--- Records for this task Enclosed Below ---
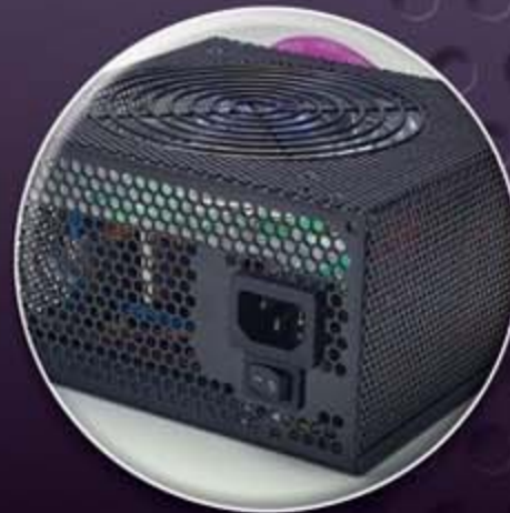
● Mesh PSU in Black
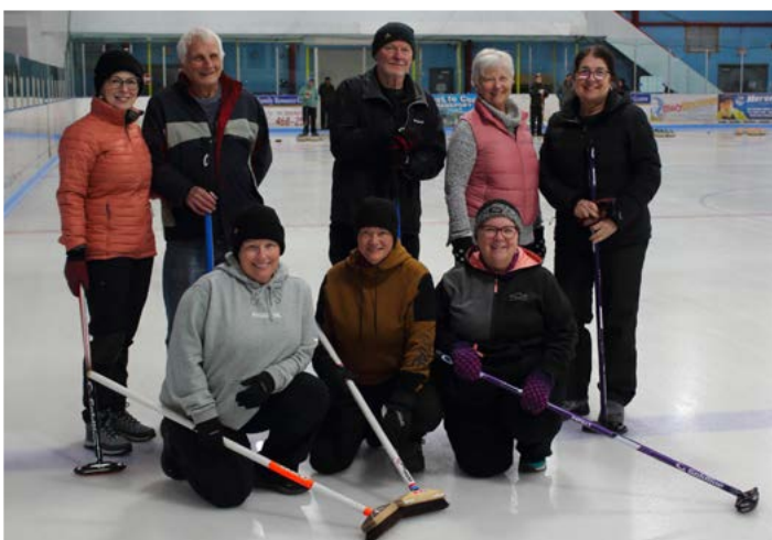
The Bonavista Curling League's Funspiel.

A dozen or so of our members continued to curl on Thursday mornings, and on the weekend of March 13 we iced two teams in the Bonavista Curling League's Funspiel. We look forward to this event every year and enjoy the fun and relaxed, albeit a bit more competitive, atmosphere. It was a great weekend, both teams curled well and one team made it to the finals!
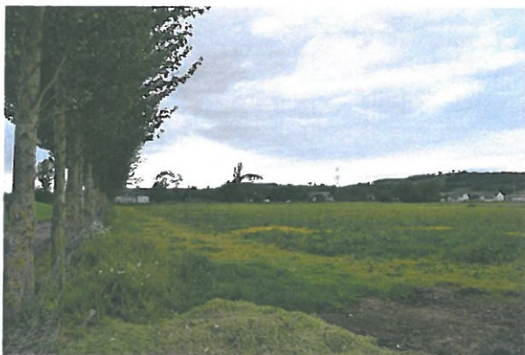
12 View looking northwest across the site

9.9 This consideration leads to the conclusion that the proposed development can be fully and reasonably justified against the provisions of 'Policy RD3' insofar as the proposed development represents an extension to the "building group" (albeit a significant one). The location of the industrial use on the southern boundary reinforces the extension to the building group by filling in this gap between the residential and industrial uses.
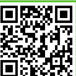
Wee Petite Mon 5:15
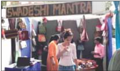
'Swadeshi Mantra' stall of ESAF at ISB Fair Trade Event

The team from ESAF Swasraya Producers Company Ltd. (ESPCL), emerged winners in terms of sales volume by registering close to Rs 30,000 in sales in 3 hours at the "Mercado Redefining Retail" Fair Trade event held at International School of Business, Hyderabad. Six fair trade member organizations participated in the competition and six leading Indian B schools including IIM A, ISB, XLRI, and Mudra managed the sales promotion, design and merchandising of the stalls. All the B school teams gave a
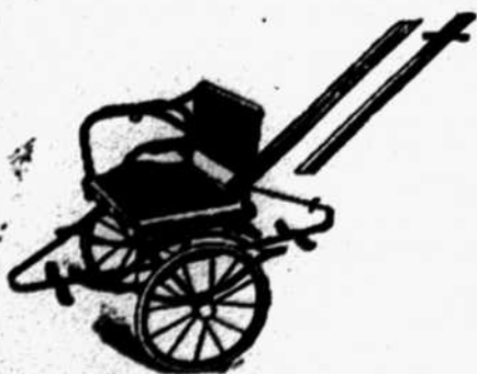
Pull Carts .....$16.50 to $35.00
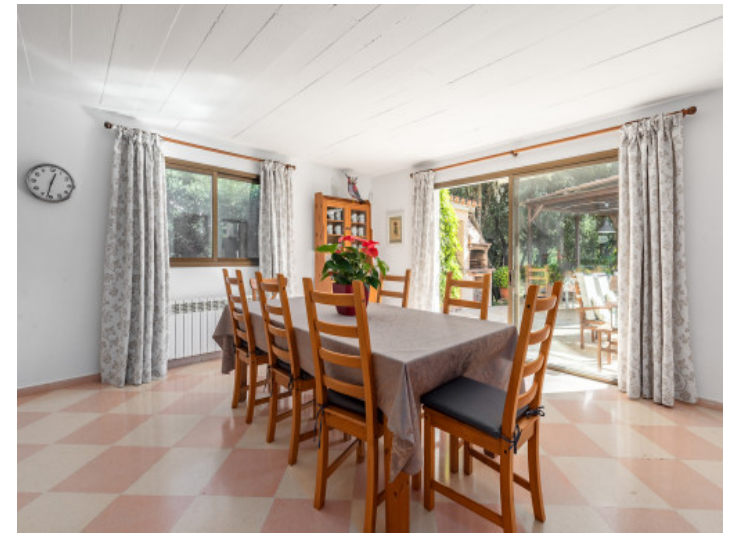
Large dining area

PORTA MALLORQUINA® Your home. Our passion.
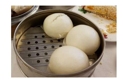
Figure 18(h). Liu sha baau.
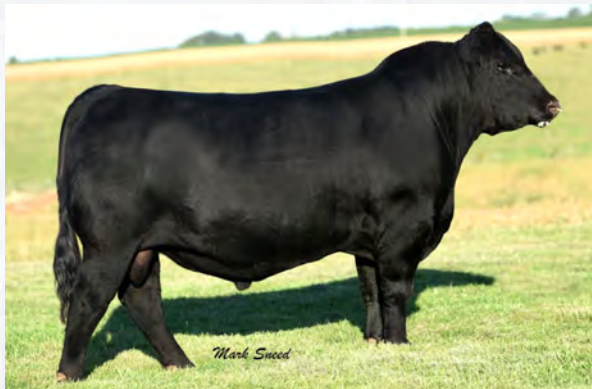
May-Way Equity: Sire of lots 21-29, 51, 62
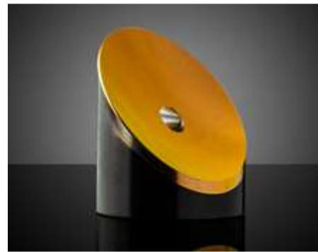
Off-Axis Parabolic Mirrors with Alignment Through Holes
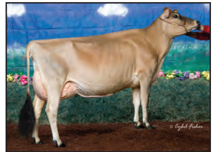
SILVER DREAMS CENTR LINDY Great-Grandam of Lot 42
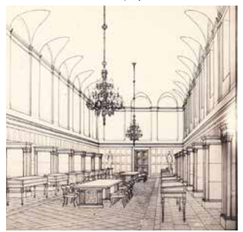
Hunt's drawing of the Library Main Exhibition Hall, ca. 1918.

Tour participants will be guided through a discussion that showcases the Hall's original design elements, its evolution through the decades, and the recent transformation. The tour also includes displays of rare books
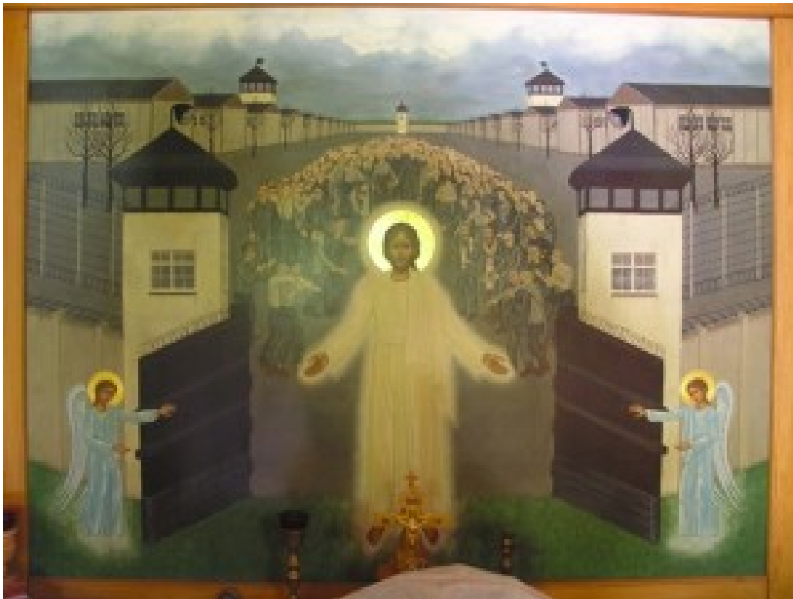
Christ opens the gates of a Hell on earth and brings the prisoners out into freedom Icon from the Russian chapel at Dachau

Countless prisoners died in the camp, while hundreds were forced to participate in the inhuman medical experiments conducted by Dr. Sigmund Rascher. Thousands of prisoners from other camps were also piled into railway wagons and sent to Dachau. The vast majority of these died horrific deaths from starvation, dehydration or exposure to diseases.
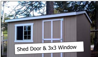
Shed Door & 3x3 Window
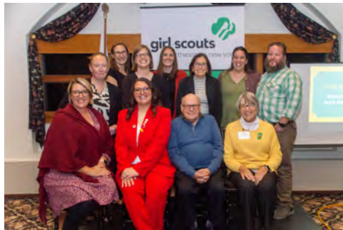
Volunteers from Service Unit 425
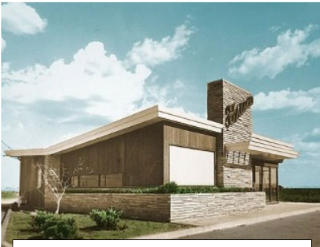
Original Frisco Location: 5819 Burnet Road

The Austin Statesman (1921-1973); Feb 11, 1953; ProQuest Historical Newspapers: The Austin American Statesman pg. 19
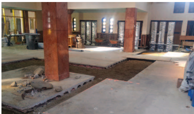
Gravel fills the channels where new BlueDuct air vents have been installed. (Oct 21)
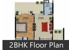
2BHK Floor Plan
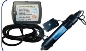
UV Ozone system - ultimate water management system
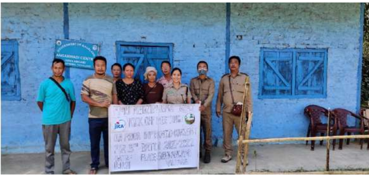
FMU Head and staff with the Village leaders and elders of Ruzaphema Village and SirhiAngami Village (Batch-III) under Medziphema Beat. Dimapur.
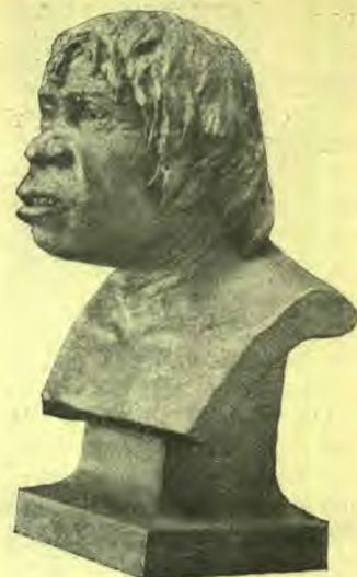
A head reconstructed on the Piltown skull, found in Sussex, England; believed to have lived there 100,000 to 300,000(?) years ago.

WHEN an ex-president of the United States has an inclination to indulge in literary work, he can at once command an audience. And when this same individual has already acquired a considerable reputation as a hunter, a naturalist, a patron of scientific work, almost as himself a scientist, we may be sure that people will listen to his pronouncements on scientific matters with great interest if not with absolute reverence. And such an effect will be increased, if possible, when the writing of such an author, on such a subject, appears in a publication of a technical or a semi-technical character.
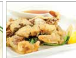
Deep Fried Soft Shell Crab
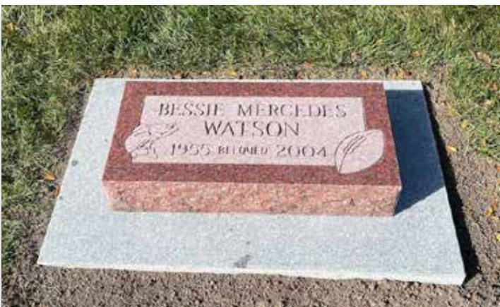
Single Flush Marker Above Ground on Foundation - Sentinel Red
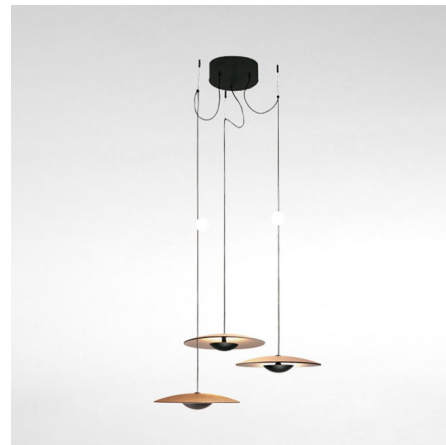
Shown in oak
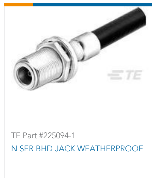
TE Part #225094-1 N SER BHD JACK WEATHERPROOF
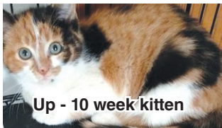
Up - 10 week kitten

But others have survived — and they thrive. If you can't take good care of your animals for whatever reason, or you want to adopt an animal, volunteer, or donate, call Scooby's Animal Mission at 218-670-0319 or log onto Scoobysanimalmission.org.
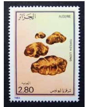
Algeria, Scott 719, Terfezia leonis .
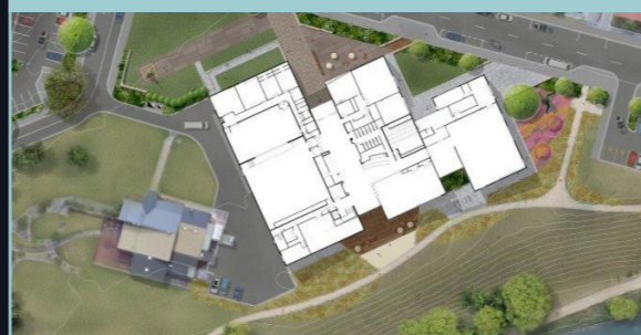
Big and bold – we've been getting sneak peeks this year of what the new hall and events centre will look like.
--- End of Enclosed Records for this task ---
Copy the lines above between the one holding "12 View looking northwest across the site" and the one holding "ISB Fair Trade Event", inclusive. Drop the pictures.

12 View looking northwest across the site

9.9 This consideration leads to the conclusion that the proposed development can be fully and reasonably justified against the provisions of 'Policy RD3' insofar as the proposed development represents an extension to the "building group" (albeit a significant one). The location of the industrial use on the southern boundary reinforces the extension to the building group by filling in this gap between the residential and industrial uses.
Wee Petite Mon 5:15
'Swadeshi Mantra' stall of ESAF at ISB Fair Trade Event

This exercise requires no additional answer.